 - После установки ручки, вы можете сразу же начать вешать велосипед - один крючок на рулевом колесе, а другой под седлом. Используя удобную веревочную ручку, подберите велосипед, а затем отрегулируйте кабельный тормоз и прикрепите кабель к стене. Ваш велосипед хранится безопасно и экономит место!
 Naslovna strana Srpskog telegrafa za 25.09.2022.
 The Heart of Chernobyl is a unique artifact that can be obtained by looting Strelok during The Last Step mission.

--

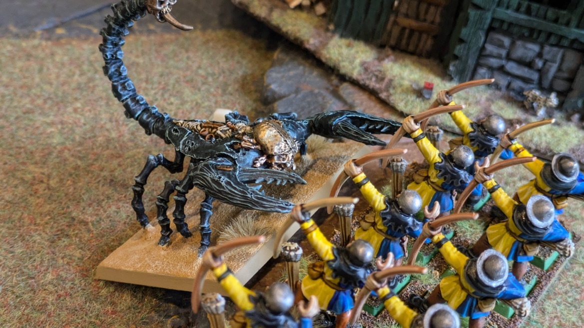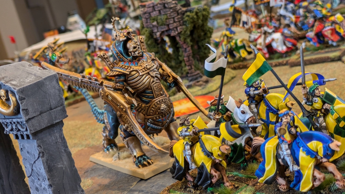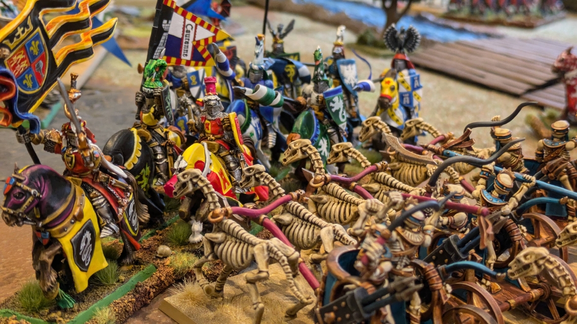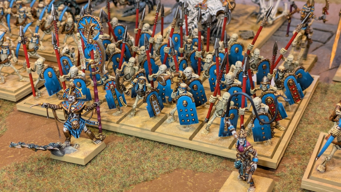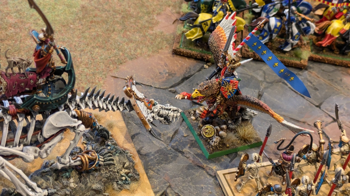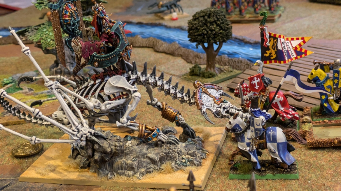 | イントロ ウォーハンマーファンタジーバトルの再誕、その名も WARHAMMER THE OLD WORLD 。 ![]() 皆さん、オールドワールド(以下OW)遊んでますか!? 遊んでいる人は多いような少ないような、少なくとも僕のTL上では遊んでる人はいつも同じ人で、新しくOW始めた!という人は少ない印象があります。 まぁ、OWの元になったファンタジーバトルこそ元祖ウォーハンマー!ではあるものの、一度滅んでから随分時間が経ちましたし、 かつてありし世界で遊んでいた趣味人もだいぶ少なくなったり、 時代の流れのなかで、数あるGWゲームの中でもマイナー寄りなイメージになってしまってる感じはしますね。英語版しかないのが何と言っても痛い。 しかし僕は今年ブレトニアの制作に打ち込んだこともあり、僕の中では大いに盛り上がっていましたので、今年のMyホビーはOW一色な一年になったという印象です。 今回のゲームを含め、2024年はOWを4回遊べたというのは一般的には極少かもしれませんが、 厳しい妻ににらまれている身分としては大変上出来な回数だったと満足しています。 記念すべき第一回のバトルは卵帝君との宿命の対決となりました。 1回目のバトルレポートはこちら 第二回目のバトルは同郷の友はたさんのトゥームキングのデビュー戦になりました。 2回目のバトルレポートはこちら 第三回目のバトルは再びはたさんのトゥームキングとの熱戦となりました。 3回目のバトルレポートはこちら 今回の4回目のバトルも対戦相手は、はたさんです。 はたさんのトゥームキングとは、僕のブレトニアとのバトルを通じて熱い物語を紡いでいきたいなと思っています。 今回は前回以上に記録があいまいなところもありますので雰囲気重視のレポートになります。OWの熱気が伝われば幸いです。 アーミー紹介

• Task goal: Everything starting at the line containing "- После установки" and ending at the line containing "The Heart of" in the records above should be repeated exactly, and only that.

• Answer to the problem:
 - После установки ручки, вы можете сразу же начать вешать велосипед - один крючок на рулевом колесе, а другой под седлом. Используя удобную веревочную ручку, подберите велосипед, а затем отрегулируйте кабельный тормоз и прикрепите кабель к стене. Ваш велосипед хранится безопасно и экономит место!
 Naslovna strana Srpskog telegrafa za 25.09.2022.
 The Heart of Chernobyl is a unique artifact that can be obtained by looting Strelok during The Last Step mission.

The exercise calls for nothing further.